> _Data below_:
******************************
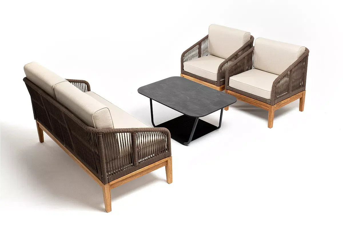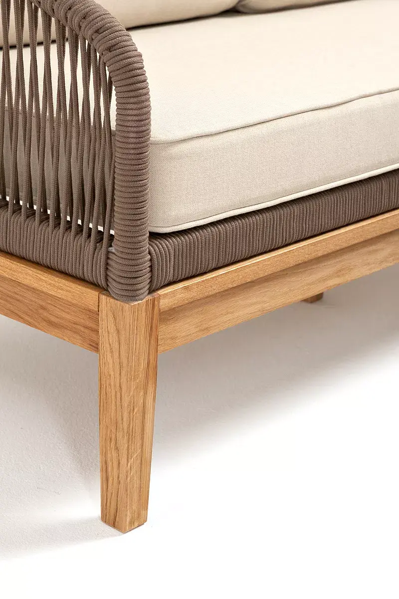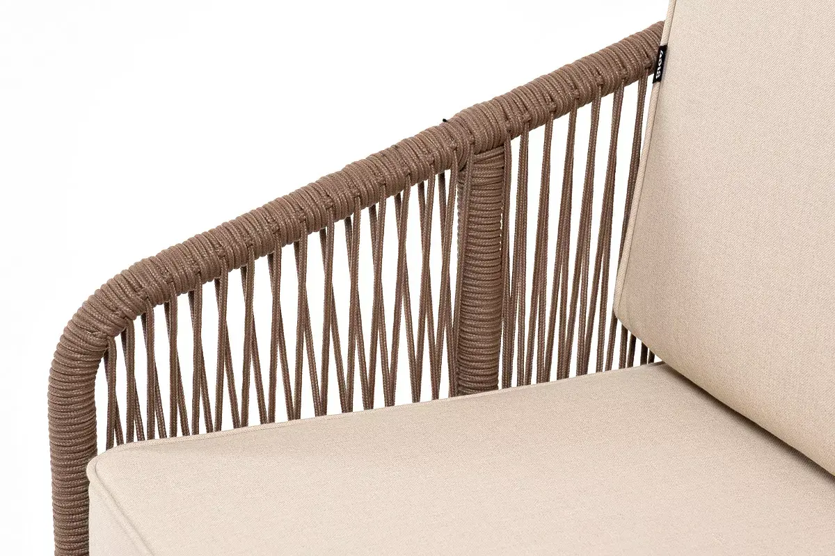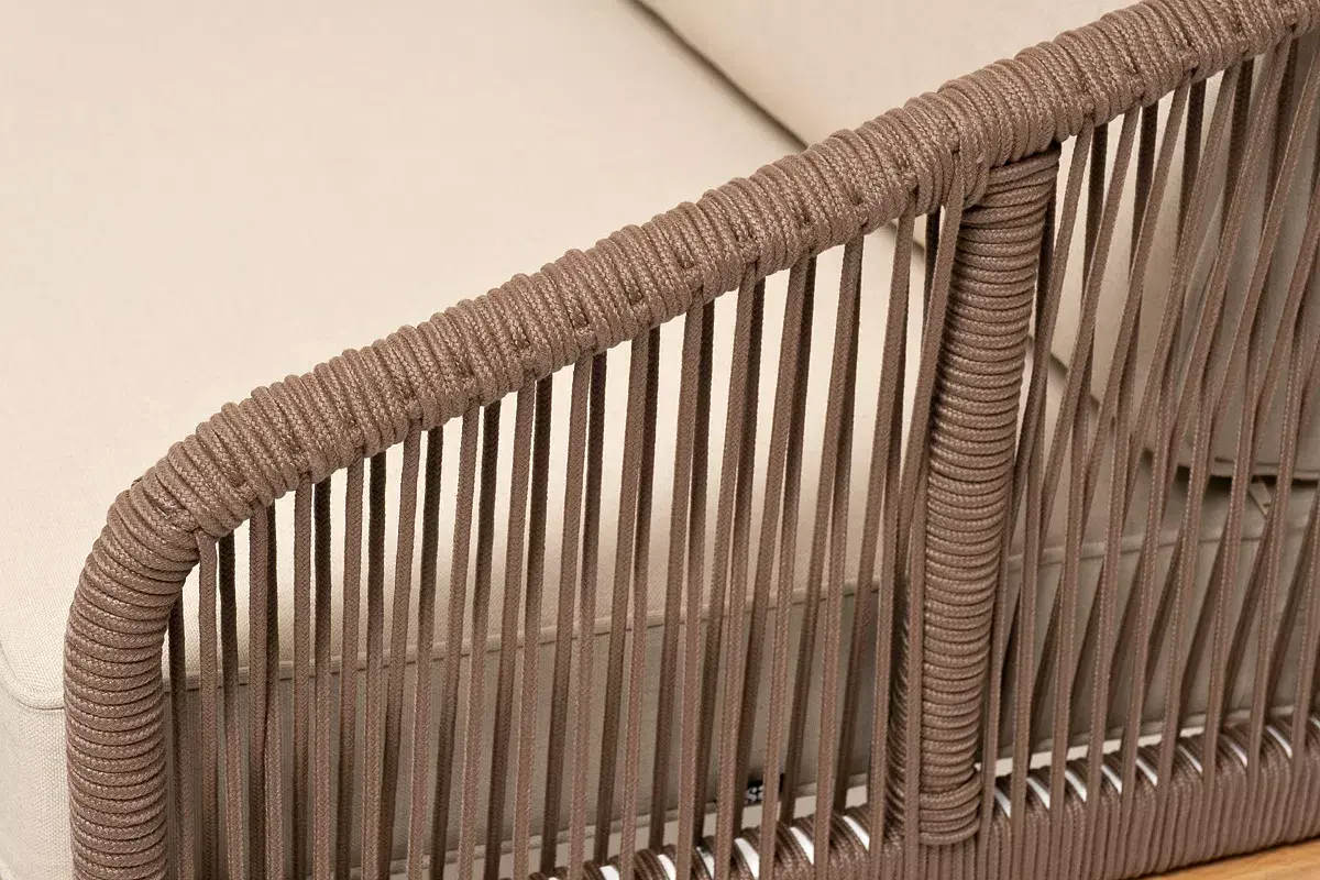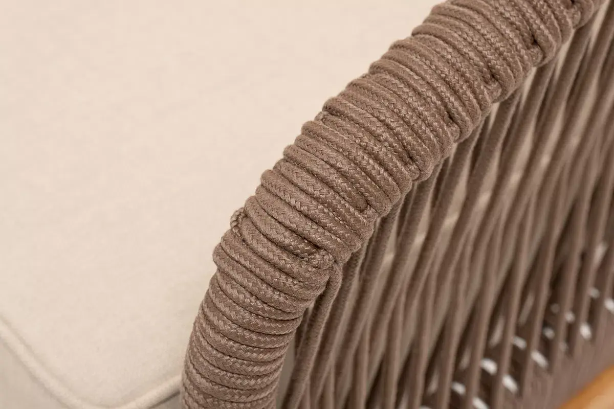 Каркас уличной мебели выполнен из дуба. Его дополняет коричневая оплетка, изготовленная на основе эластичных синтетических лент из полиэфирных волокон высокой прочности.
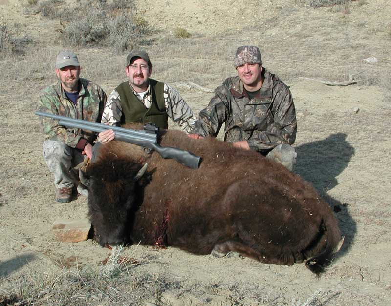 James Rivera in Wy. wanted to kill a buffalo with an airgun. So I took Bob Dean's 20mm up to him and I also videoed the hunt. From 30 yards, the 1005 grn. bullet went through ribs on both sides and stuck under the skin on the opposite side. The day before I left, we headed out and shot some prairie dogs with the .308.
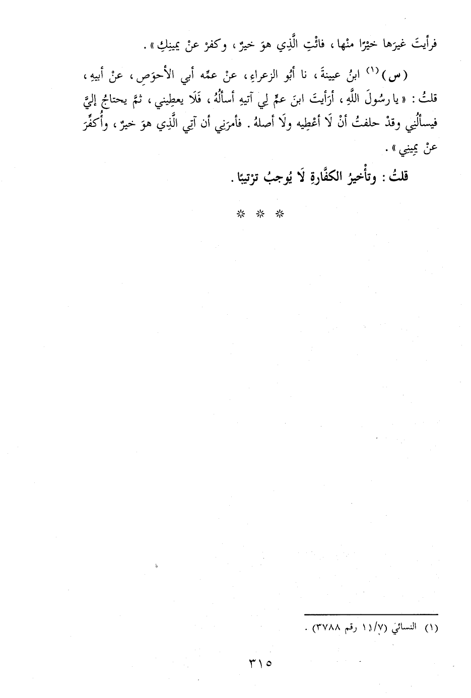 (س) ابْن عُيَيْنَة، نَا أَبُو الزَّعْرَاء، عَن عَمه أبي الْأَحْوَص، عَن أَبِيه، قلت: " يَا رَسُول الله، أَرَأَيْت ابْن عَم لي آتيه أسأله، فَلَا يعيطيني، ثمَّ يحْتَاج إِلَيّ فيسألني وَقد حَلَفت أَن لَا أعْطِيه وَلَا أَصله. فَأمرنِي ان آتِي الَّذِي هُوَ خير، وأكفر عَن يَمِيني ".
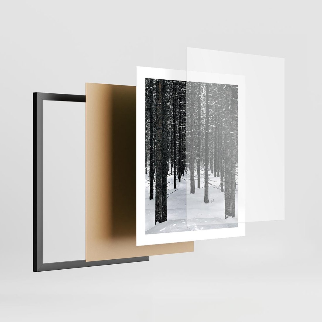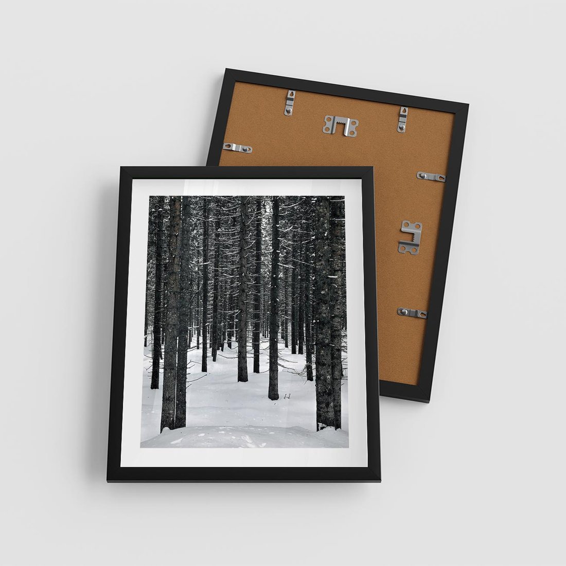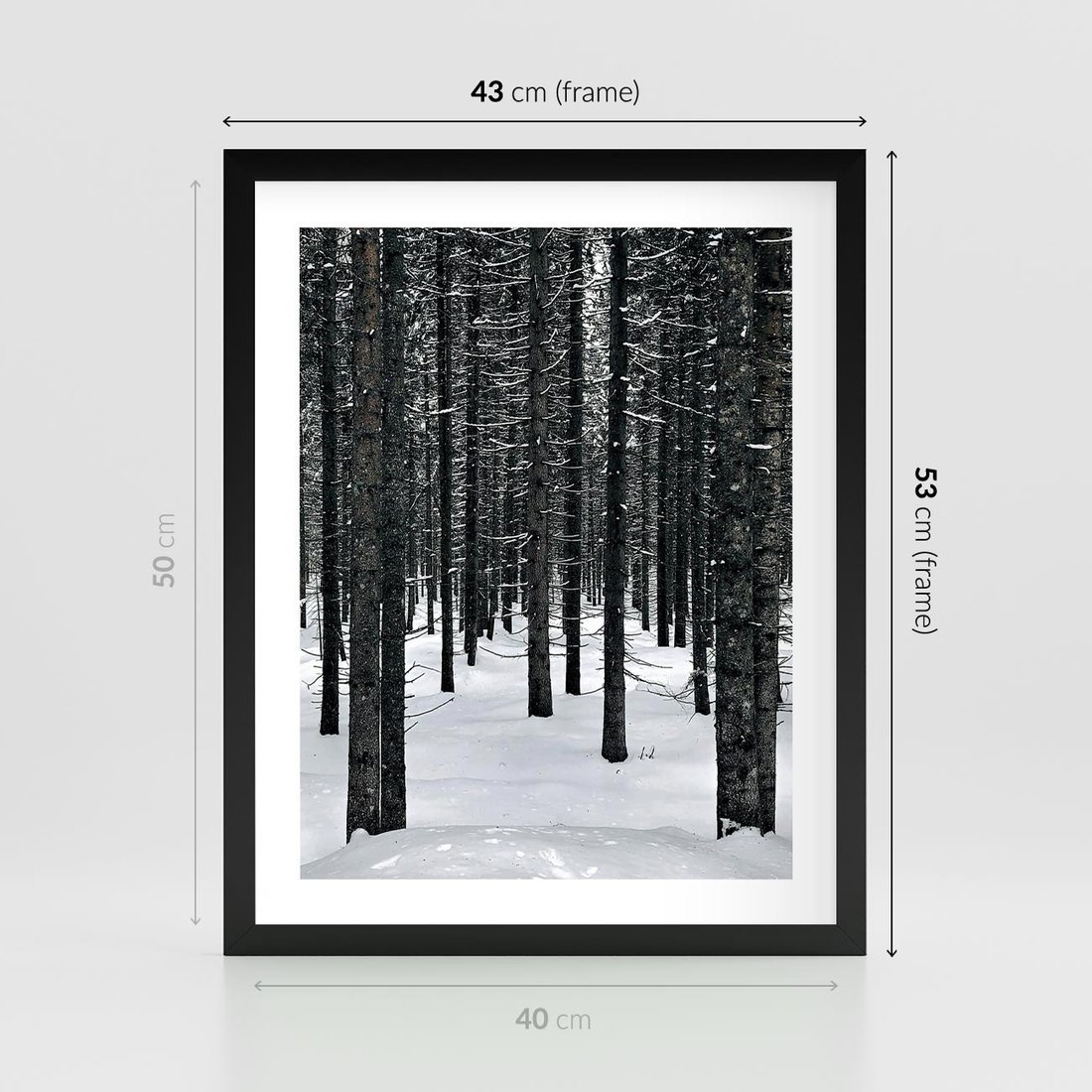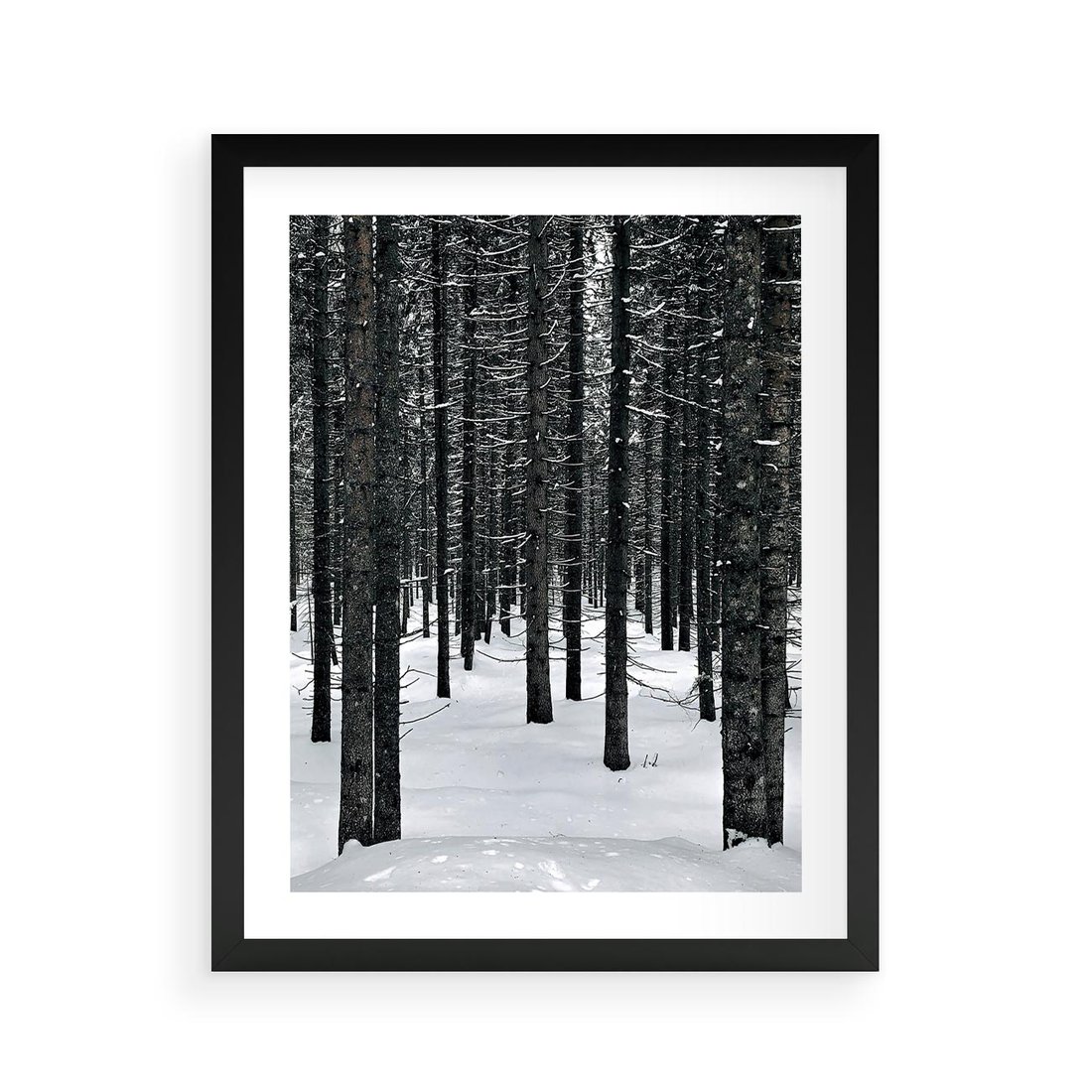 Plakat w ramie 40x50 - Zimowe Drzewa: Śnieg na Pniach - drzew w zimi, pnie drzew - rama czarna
******************************
Copy the data word for word, no pictures.

 Каркас уличной мебели выполнен из дуба. Его дополняет коричневая оплетка, изготовленная на основе эластичных синтетических лент из полиэфирных волокон высокой прочности.
 James Rivera in Wy. wanted to kill a buffalo with an airgun. So I took Bob Dean's 20mm up to him and I also videoed the hunt. From 30 yards, the 1005 grn. bullet went through ribs on both sides and stuck under the skin on the opposite side. The day before I left, we headed out and shot some prairie dogs with the .308.
 (س) ابْن عُيَيْنَة، نَا أَبُو الزَّعْرَاء، عَن عَمه أبي الْأَحْوَص، عَن أَبِيه، قلت: " يَا رَسُول الله، أَرَأَيْت ابْن عَم لي آتيه أسأله، فَلَا يعيطيني، ثمَّ يحْتَاج إِلَيّ فيسألني وَقد حَلَفت أَن لَا أعْطِيه وَلَا أَصله. فَأمرنِي ان آتِي الَّذِي هُوَ خير، وأكفر عَن يَمِيني ".
 Plakat w ramie 40x50 - Zimowe Drzewa: Śnieg na Pniach - drzew w zimi, pnie drzew - rama czarna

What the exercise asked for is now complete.